Material to process:
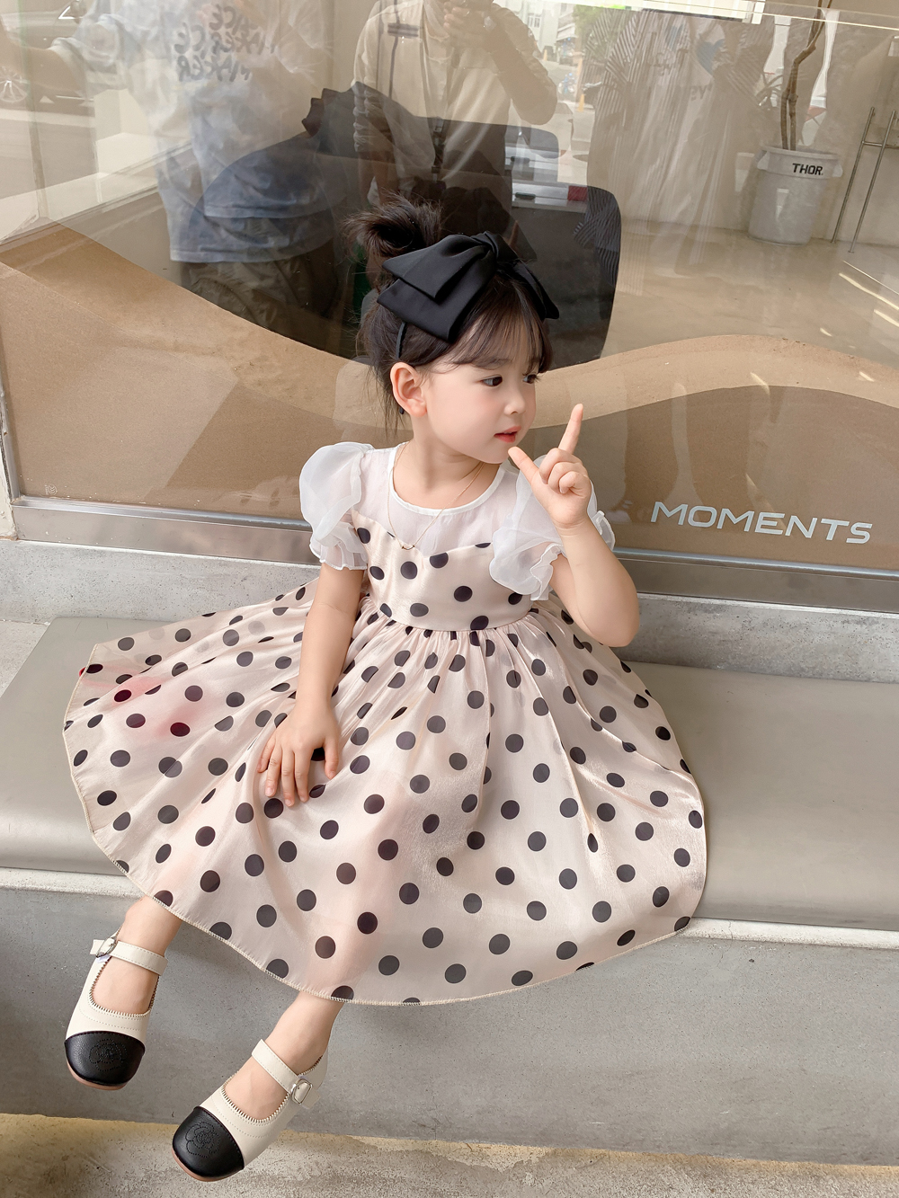 Pattern: DotsStyle: KoreanColor classification: Beige skirtReference height: 90cm, 100cm, 110cm, 120cm, 130cm, 140cm, 150cmStyle: short sleeve
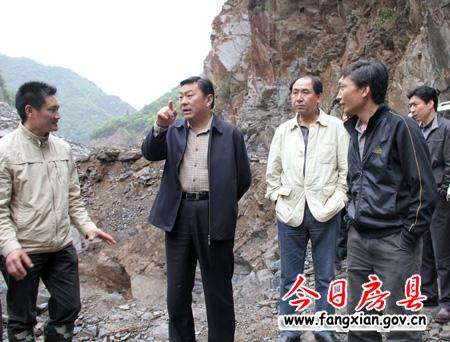 图为县委书记沈明云一行实地察看上龛乡二荒村堰塞湖河道治理工程情况
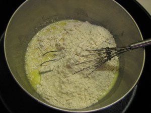 In a separate bowl, whisk the eggs, sugar, olive oil and lemon juice together until blended. Add the flour mixture, pour in the milk, and stir well to combine. Place the batter in the prepared pan. Bake for 30 minutes, or until the edges are golden and a knife inserted in the center comes out clean.
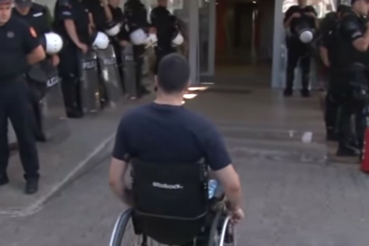 Pred policijskim kordonom našao se i Budvanin Vladan Papan, koji učestvuje u protestima uprkos činjenici da je vezan za kolica.
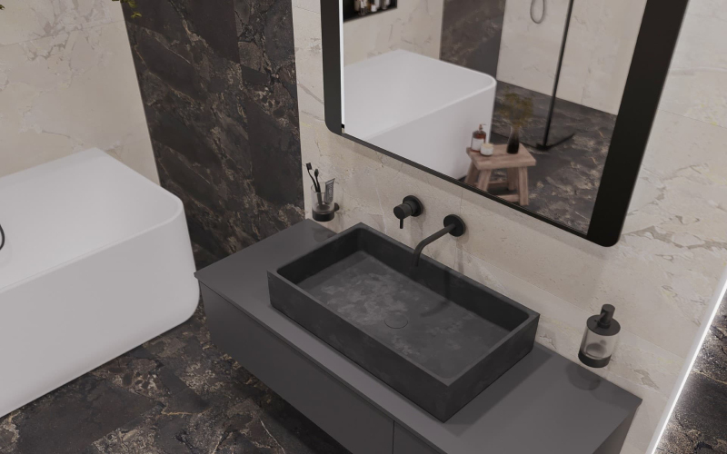 Správne umývadlo vdýchne život vašej kúpeľni a podčiarkne jej štýl, ako umývadlo zo série CEMENTO na dosku bez prepadu. Umývadlo disponuje šírkou 64 cm, hĺbkou 36,5 cm a výškou 14 cm. Antracitové farebné prevedenie a hranatý tvar. Materiál je pravý betón. Vtok nie je súčasťou dodania.
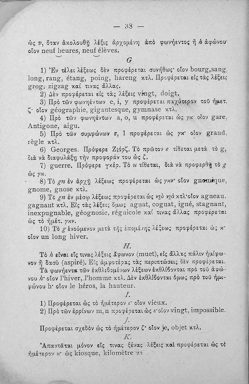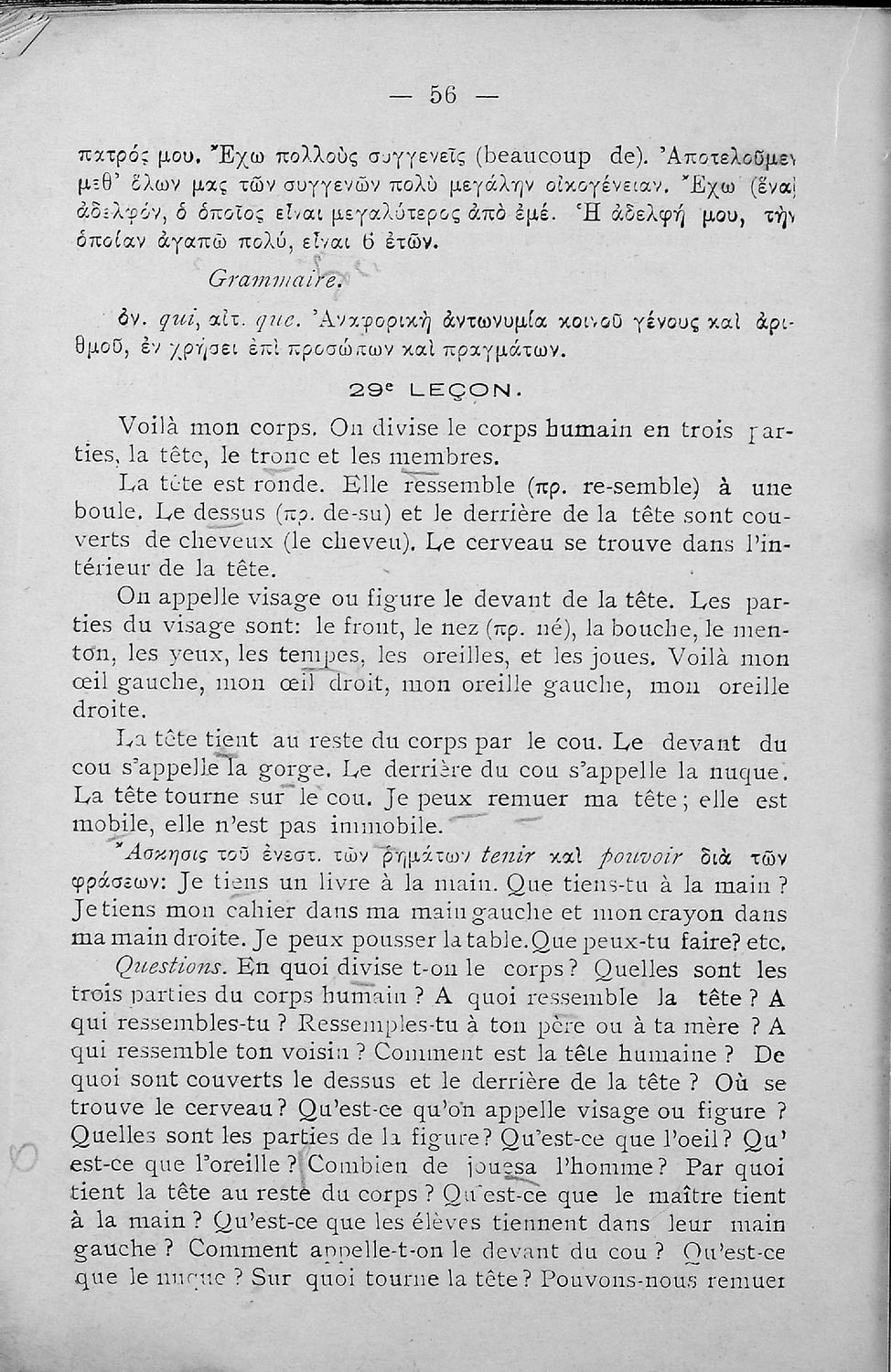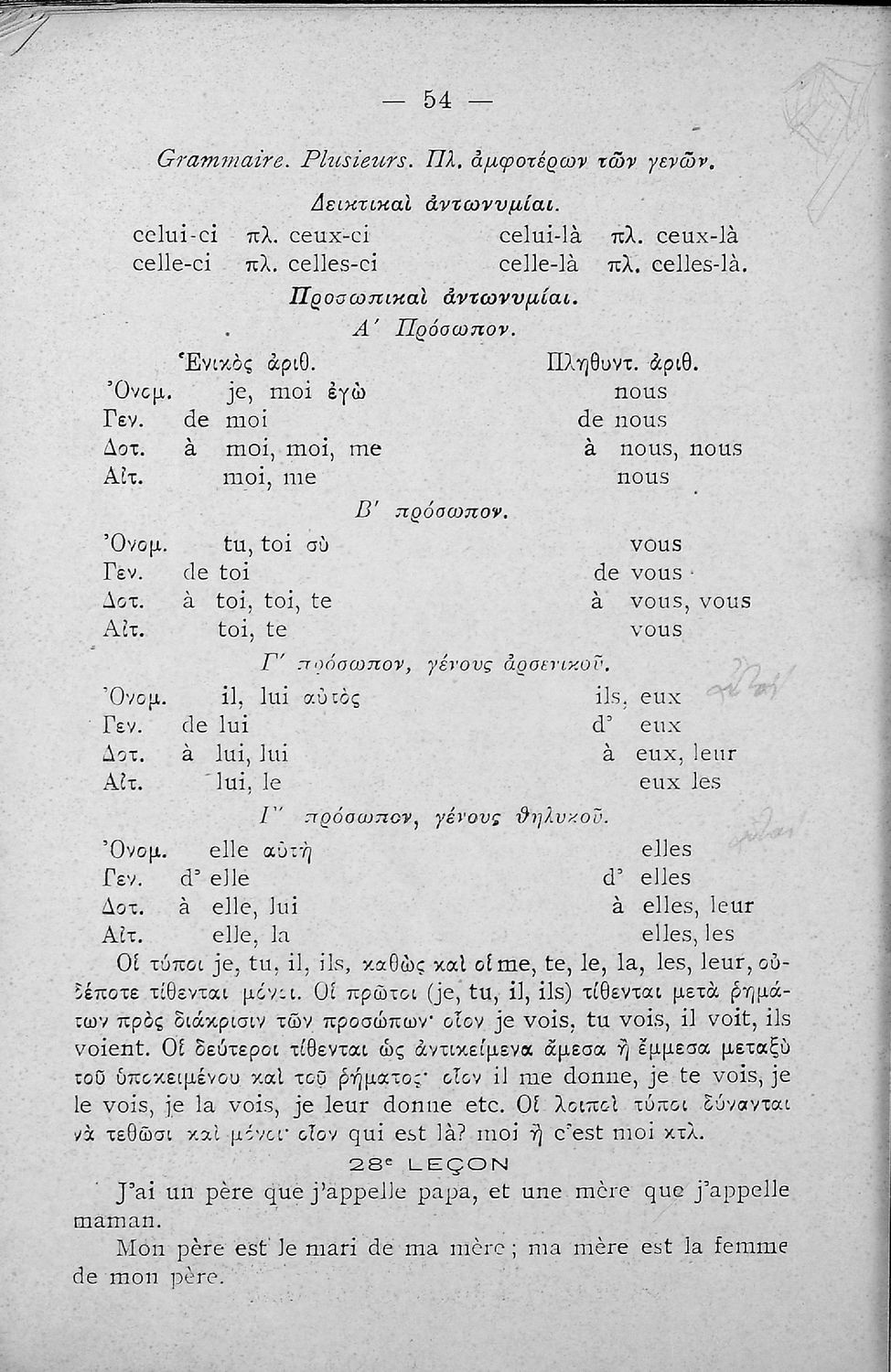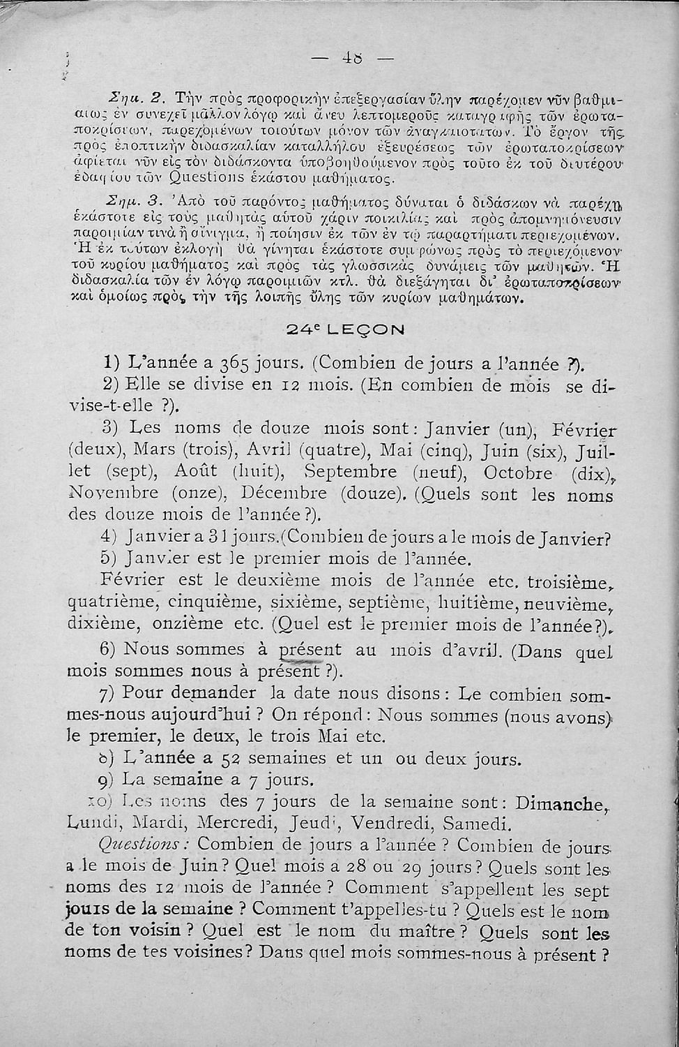 Σχολικό εγχειρίδιο Γαλλικών για τις Β΄ και Γ' Ελληνικού Σχολείου, Αστικού Σχολείου και Παρθεναγωγείου που περιλαμβάνει κείμενα, κανόνες γραμματικής και συντακτικού, και λεξιλογικά και πραγματολογικά σχόλια.

Required work: The expected output is the run of lines from the one containing "Správne umývadlo vdýchne" to the last line of the listing above, both included, word for word and free of pictures.

Answer section:
 Správne umývadlo vdýchne život vašej kúpeľni a podčiarkne jej štýl, ako umývadlo zo série CEMENTO na dosku bez prepadu. Umývadlo disponuje šírkou 64 cm, hĺbkou 36,5 cm a výškou 14 cm. Antracitové farebné prevedenie a hranatý tvar. Materiál je pravý betón. Vtok nie je súčasťou dodania.
 Σχολικό εγχειρίδιο Γαλλικών για τις Β΄ και Γ' Ελληνικού Σχολείου, Αστικού Σχολείου και Παρθεναγωγείου που περιλαμβάνει κείμενα, κανόνες γραμματικής και συντακτικού, και λεξιλογικά και πραγματολογικά σχόλια.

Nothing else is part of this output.